Assignment: Please keep to the lines below from the one with "та інших речей." through the one with "Илл. 7. 1 –", and restate them word for word, ends included.
** Opening Records for the exercise block **
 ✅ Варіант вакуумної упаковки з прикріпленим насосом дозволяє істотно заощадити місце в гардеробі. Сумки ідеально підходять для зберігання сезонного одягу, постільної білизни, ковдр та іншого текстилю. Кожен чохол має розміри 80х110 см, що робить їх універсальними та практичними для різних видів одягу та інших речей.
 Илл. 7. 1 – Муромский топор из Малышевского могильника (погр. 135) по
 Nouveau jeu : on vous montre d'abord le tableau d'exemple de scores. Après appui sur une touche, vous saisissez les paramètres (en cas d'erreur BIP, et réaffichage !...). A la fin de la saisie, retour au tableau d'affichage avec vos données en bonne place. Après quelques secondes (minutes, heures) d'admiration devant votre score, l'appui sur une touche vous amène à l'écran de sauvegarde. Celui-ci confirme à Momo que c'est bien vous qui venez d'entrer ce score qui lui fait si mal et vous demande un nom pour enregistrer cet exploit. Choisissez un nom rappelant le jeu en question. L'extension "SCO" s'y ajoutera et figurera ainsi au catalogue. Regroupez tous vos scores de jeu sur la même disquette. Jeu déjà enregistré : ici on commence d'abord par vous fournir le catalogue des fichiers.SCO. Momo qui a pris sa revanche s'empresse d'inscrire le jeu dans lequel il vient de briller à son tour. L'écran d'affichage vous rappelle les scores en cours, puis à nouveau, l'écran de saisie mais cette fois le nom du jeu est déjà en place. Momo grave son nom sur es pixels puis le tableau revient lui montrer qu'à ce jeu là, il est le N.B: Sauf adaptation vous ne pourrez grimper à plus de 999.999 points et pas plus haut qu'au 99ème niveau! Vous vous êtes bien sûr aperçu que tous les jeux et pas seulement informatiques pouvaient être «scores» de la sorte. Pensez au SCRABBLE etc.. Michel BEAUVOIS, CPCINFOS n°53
** Closing Records for the exercise block **
** Opening Records for the exercise block **
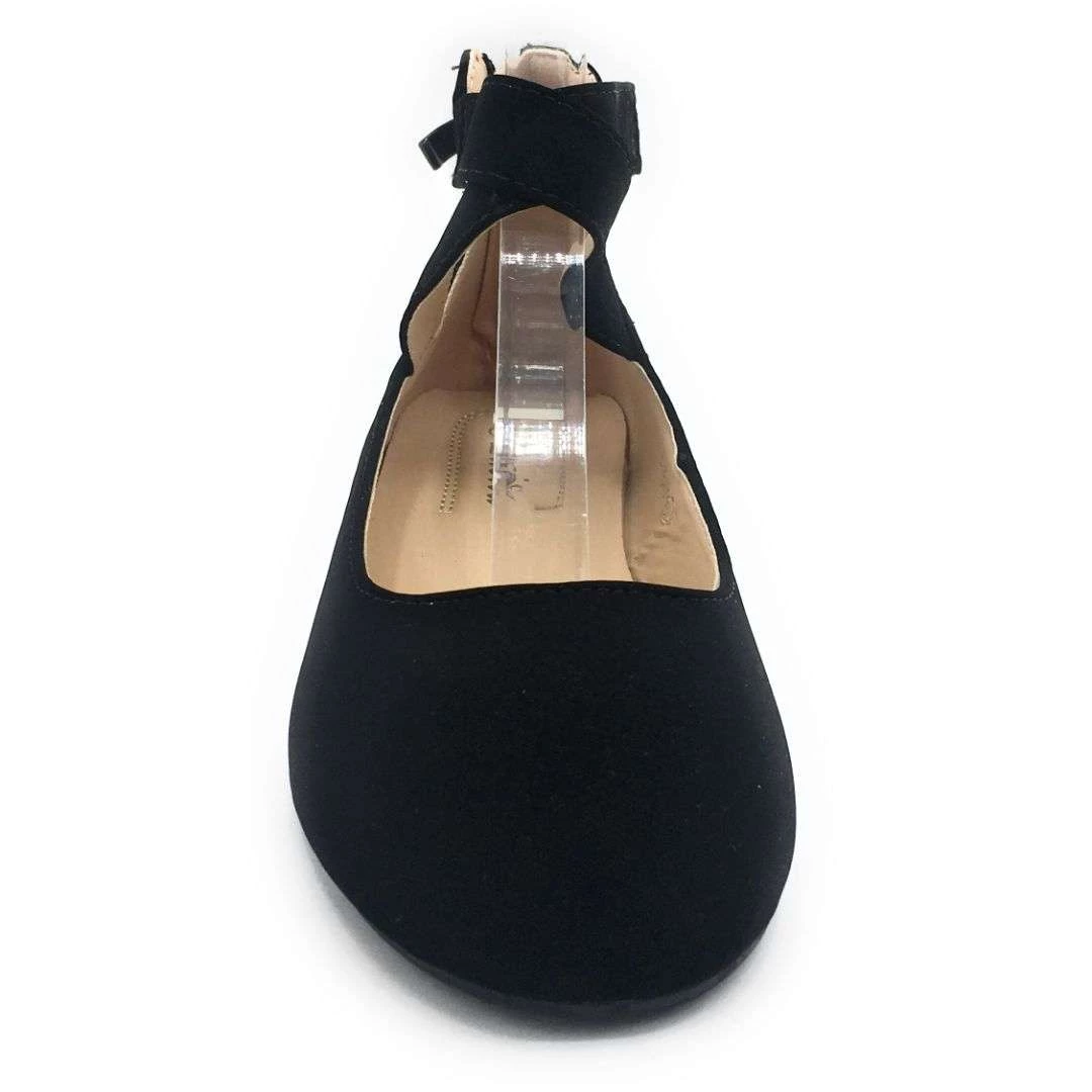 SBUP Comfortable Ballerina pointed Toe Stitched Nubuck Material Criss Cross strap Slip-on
** Closing Records for the exercise block **
** Opening Records for the exercise block **
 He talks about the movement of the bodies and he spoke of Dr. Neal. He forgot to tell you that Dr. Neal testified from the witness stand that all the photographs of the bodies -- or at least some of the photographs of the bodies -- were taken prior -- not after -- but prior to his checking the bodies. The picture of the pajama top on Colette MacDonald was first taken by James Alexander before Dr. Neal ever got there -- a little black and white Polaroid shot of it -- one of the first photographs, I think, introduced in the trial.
** Closing Records for the exercise block **
Reply to the exercise:
 ✅ Варіант вакуумної упаковки з прикріпленим насосом дозволяє істотно заощадити місце в гардеробі. Сумки ідеально підходять для зберігання сезонного одягу, постільної білизни, ковдр та іншого текстилю. Кожен чохол має розміри 80х110 см, що робить їх універсальними та практичними для різних видів одягу та інших речей.
 Илл. 7. 1 – Муромский топор из Малышевского могильника (погр. 135) по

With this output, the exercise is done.